Adrenocortical carcinoma (ACC) is a rare, aggressive malignancy with incidence of 0.7 to 2 cases per million annually.[1] ACC presents across the age spectrum with peaks in children less than 5 years and in adults in their fourth and fifth decade of life.[1] The prognosis is poor, as the majority of patients present with regional and distant metastasis at the time of diagnosis. Long-term survivors, however, are occasionally reported. Clinically, Ki67 immunohistochemistry has been used as the primary prognostic biomarker.
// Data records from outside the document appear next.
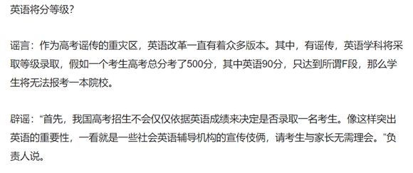 辟謠文章: “英語”要退出中、高考,是“謠言”還是“事實”?
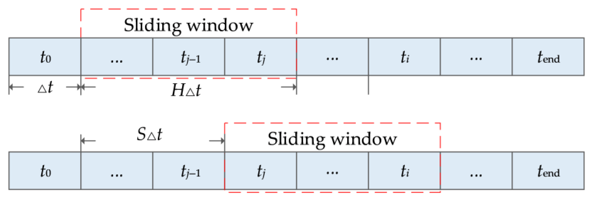 S time steps along the time axis, and the optimization continues in the next window. The sliding window is illustrated in
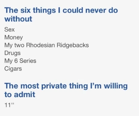 This prompt is your opportunity to stand out. Most guys usually write something boring like “I have this profile”. This guy went a bit too far against the grain.
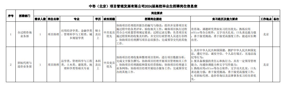 中咨(北京)項目管理發(fā)展有限公司招聘崗位信息
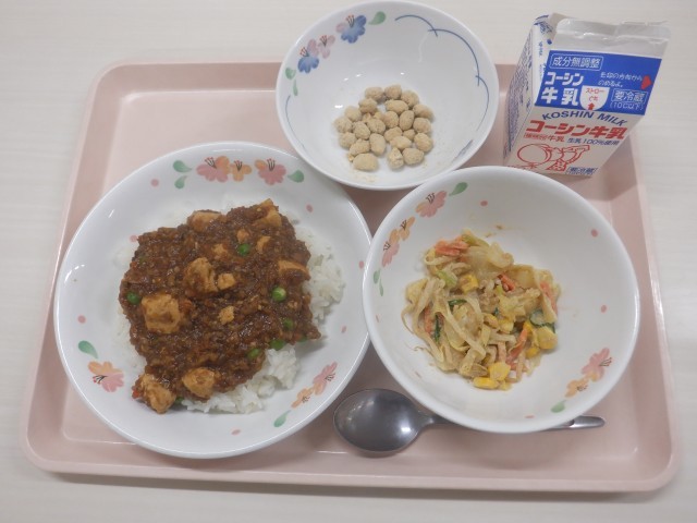 今日はマーボーどうふ丼でした。給食の麻婆豆腐は、たっぷりの野菜と豆腐を一度にとることができる、栄養満点の一品です。篠崎小では、味付けに甜面醤や豆板醤を使用し、本格的な仕上がりにしています。豆板醤は低学年と高学年で使用量を変え、それぞれの学年が食べやすい辛さに調整しています。
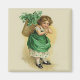 Vintage design features a young Irish girl with a basket of Shamrocks on her back. This wee Colleen is dressed in green with shamrock patterned petticoat showing. Design has been hand retouched. Front text says... The Wearing of the Green
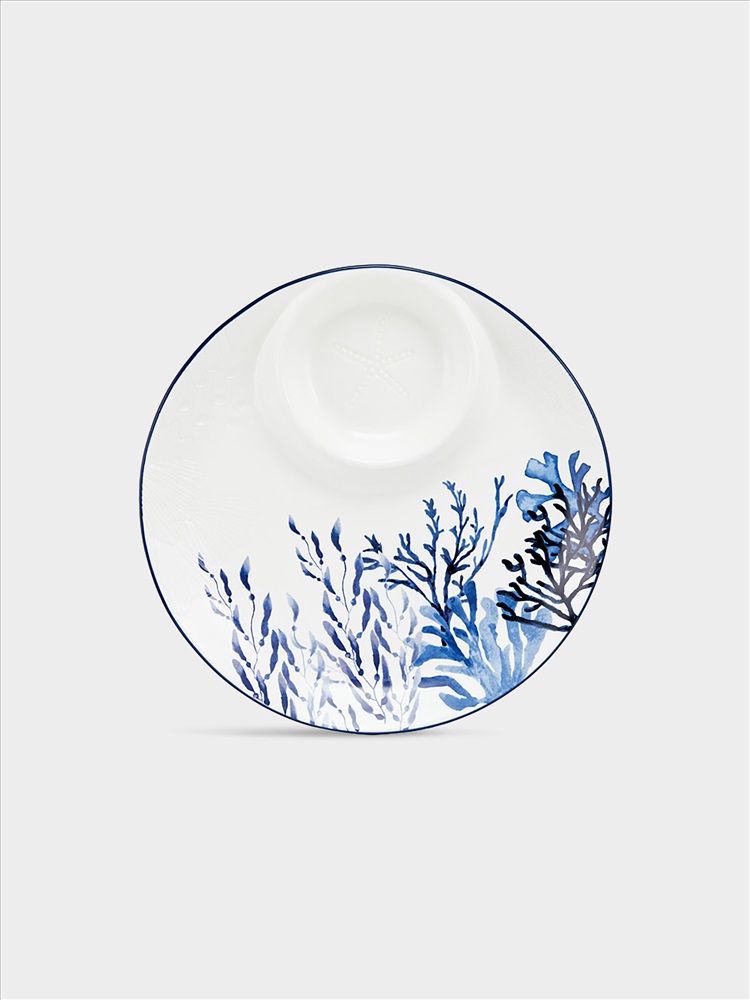 Блюдо, 32 см, керамика К, белое, круглое, Синие кораллы, Blue Coral. Материал: керамика каменная. Мыть тёплой водой с применением жидких моющих средств и в посудомоечной машине. Можно использовать в СВЧ.
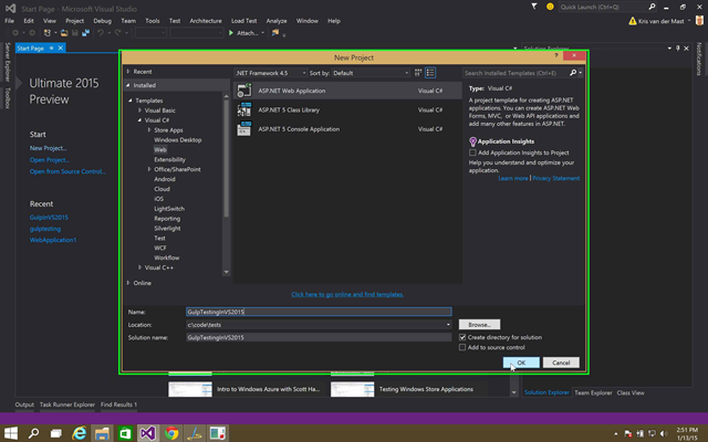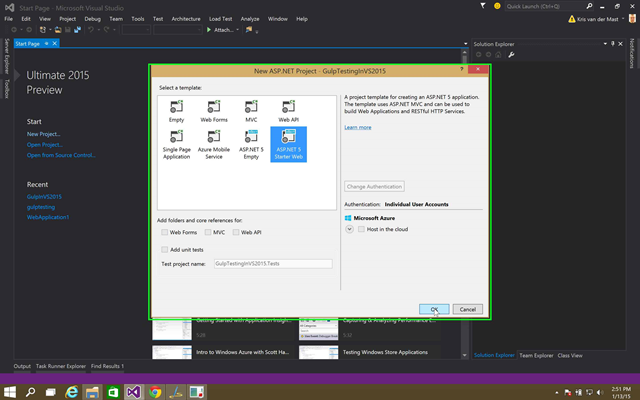 Give it a meaningful name and press OK and opt in the following screen for ASP.NET 5 Starter Web

Recent global profiling of ACC tumors has demonstrated that comprehensive genomic and genetic signature clusters correlate with ACC tumor aggressiveness, but this clustering has not been used prospectively and may be cumbersome for clinical practice.[2]
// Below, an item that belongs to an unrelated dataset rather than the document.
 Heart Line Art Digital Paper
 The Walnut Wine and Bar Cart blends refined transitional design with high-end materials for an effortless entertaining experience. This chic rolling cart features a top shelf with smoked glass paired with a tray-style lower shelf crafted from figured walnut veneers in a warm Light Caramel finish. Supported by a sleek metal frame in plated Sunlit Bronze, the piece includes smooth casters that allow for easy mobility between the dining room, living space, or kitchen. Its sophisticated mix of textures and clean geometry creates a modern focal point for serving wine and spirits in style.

Common sites of metastasis for ACC include the liver, lungs, and bone.[1] Rarely ACC metastasizes to skin and brain.[1] Leptomeningeal carcinomatous metastases (LM) across all tumor types typically present as multifocal lesions in the leptomeninges in less than 5% of patients with advanced cancer.[3] The most common solid tumors to result in LM include breast, lung, melanoma, and gastrointestinal malignancies.[3] There have been few case reports of ACC resulting in brain metastasis[4–16] and there are only 2 previous ACC cases with leptomeningeal metastases reported in the literature.[17,18]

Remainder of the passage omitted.